Неужели, она сейчас говорит о своей настоящей матери, которая дала ей жизнь, и которая умерла много лет тому назад?
Но пока он обдумывал этот вопрос, тело Кэйт внезапно напряглось, и она издала пронзительный высокий крик.
Крик очень маленькой девочки.
В этот момент она обернулась и прижалась к нему, сжимая его плечи в ужасном отчаянии.
– Нет, мама, - закричала она, - Нет, ты не можешь уйти! Мама! Мама! Мама! Мама! Мама!
Если бы Энтони не прижался спиной к спинке кровати, она бы свалила его с кровати, настолько сильно было ее отчаяние.
– Кэйт?! - выпалил он, с небольшой паникой в голосе. - Кэйт, все в порядке, все хорошо. Ты слышишь меня, все хорошо. Никто не собирается уходить. Все хорошо. Ты слышишь меня? Никто.
Но она больше не кричала, а горько плакала, и этот плач проникал ему глубоко в душу и терзал сердце.
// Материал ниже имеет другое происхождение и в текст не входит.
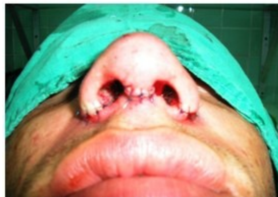
Figura 4. Se observa la sutura en base de la columela y alas nasales para estrechamiento de las narinas.

Las imágenes y datos han sido utilizados previo consentimiento informado a los pacientes. Para la realización del estudio se contó con la aprobación del Consejo Científico de la Institución.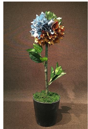
出来上がりのイメージ(高さ約40cm)

母の日のプレゼントとして大切なお母さまをイメージしてつくったり、ご自分の部屋に飾ることをイメージしてつくったりと、目的によっていろんな一輪の花をつくることのできるワークショップです。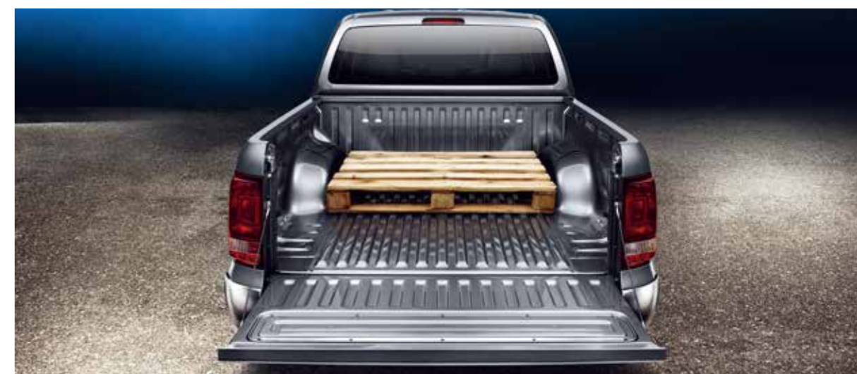
VOLKSWAGEN原廠保留針對上述規格修改之權利; 規格若有不符, 以實車為準。

德國生產的Amarok V6是同級距唯一提供4MOTION全時四輪驅動系統搭配8速Tiptronic手自排變速箱的貨卡。除了能大幅提升行車舒適性, 在艱難地形或者山區路段, 當其他車款達到極限時, Amarok卻堅決不妥協, 兼具機動性、靈活度與極佳性能, 遠超越其他車款。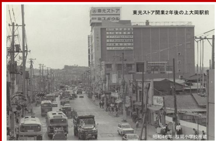
東光ストア開業2年後の上大岡駅前

江戸時代までさかのぼり、現在までの上大岡がどのように歩んできたのか？自分たちの足で調べ・集めた貴重な資料を基にお話を伺います。私たちの住んでいるまちを知ることは未来を考えることにつながります。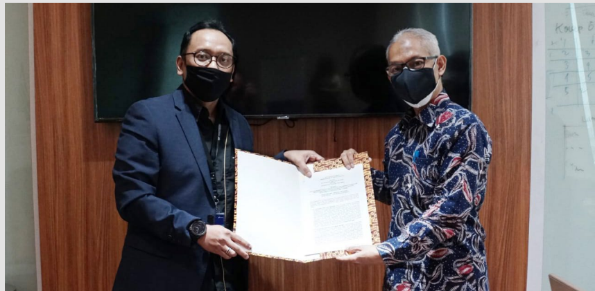
Donor darah yang dilakukan oleh perwira Perta Arun Gas diharapkan dapat bermanfaat bagi masyarakat yang membutuhkan.

"Di sini, para siswa akan diberi bekal pengetahuan seputar perasuransian, termasuk pengetahuan sistem digitalisasi yang dikembangkan di AJTM. Pengetahuan serta pengalaman praktik kerja tersebut diharapkan akan menjadi modal yang bermanfaat bagi para siswa sebagai generasi penerus, saat mereka terjun ke dunia kerja. Kami berharap kerja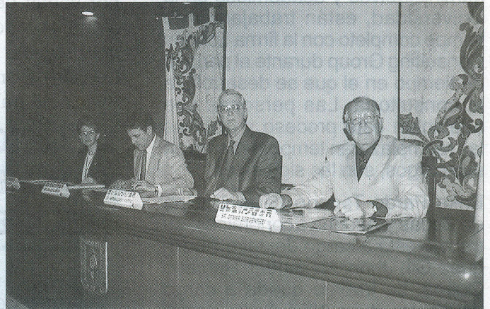
Mesa directiva del seminario.

D urante la semana del 22 al 26 de octubre, el programa de Administración de Instituciones de Servicio, de la Facultad de Ciencias Económicas y Administrativas, realizó el Seminario Internacional tendencias actuales en el sector de la hospitalidad , el cual reunió a un grupo de directivos de las facultades de administración hotelera y de varias carreras afines, provenientes de diferentes países de América Latina. Este evento se llevó a cabo con el apoyo y patrocinio de la Fundación Nestlé Pro Gastronomía y la Fundación Limmat de Suiza.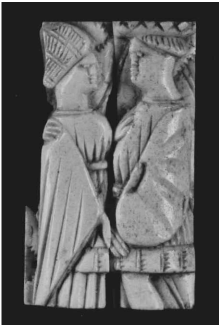
15. Bottega dell'Italia settentrionale?, placchetta frammentaria, metà circa del XV secolo. Ravenna, Museo Nazionale, inv. 5703.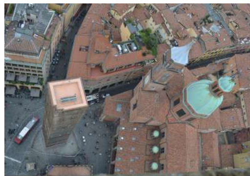
...und dann heißt es schon wieder „Ciao, Bologna!“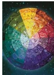
BNE-Kit «Plastikwelten» bis 3. Zyklus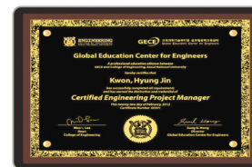
▲ CEPM : Certified Engineering Project Manager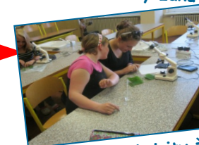
Badatelské aktivity žáků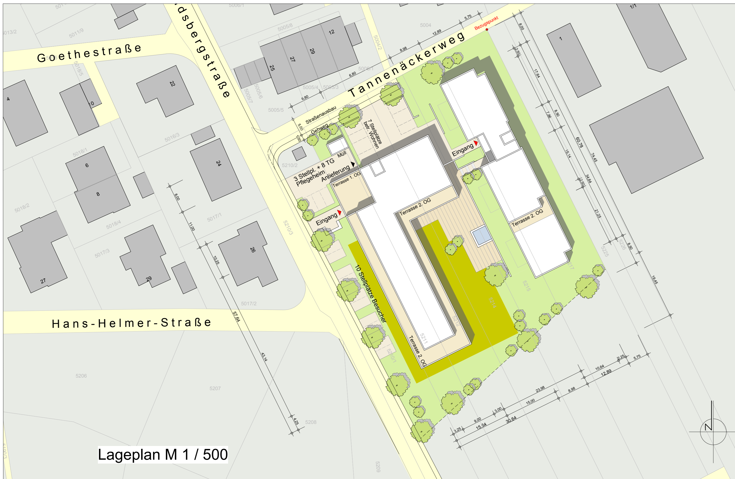
Lageplan M 1 / 500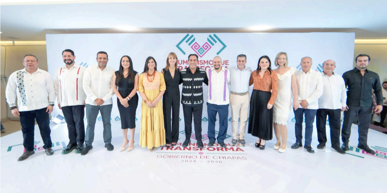
ERA LLAMÓ a los nuevos funcionarios a trabajar con transparencia y honestidad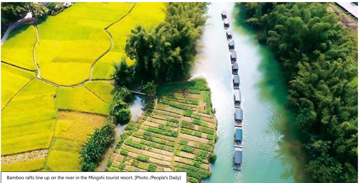
Bamboo rafts line up on the river in the Mingshi tourist resort.

แม่น้ำหมิงซือ Mingshi มีต้นกำเนิดในเวียดนาม และไหลจาก Niandoutun เข้าสู่ประเทศจีน ซึ่งไหลไปทางตะวันออกเฉียงใต้ Jingtang, Mingshi, Kanwei, Lushan, Houyi ฯลฯ ในที่สุดแม่น้ำหมิงซือก็ไหลมาบรรจบกับแม่น้ำเฮยฮุย มีความยาวทั้งสิ้น 44.13 กิโลเมตร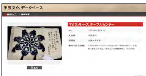
図2 手芸文化データベース 作品詳細ページ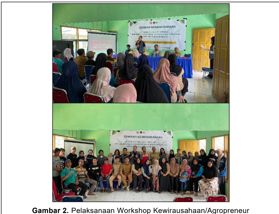
Gambar 2. Pelaksanaan Workshop Kewirausahaan/Agropreneur

Pelaksanaan workshop kewirausahaan dilakukan secara partisipatif dengan menekankan keterlibatan aktif mitra pada setiap sesi pelatihan. Pendekatan learning by doing diterapkan untuk memastikan mitra tidak hanya memahami konsep, tetapi juga mampu melakukan seluruh proses produksi dan pengemasan secara mandiri. Dokumentasi pelaksanaan workshop kewirausahaan atau agropreneur ditampilkan pada Gambar 2.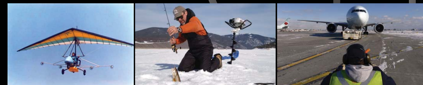
屋外での作業、釣りやスノーボードなどのアウトドアスポーツに。使い方は無限です！ * HeatCraftは、米国ボーイング社にOEM提供。地上屋外勤務員に支給されています。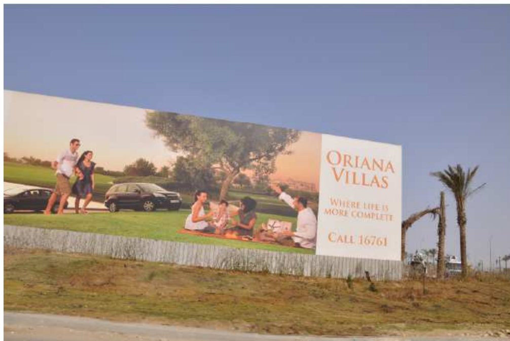
Figure 15. Panneau publicitaire pour le futur compound Oriana - New Cairo

Энтони держал ее, затем, когда она немного успокоилась, он уложил ее в постель, и, обняв, подержал ее, пока она снова спокойно не уснула. Он иронически заметил, что гроза прошла.
Когда Кэйт утром проснулась, она сильно удивилась, увидев мужа, сидящего на кровати и смотрящего на нее странным… взглядом, со смесью беспокойства, любопытства и жалости. Он ничего не сказал, когда ее глаза открылись, хотя она видела, что он пристально вглядывается ей в лицо.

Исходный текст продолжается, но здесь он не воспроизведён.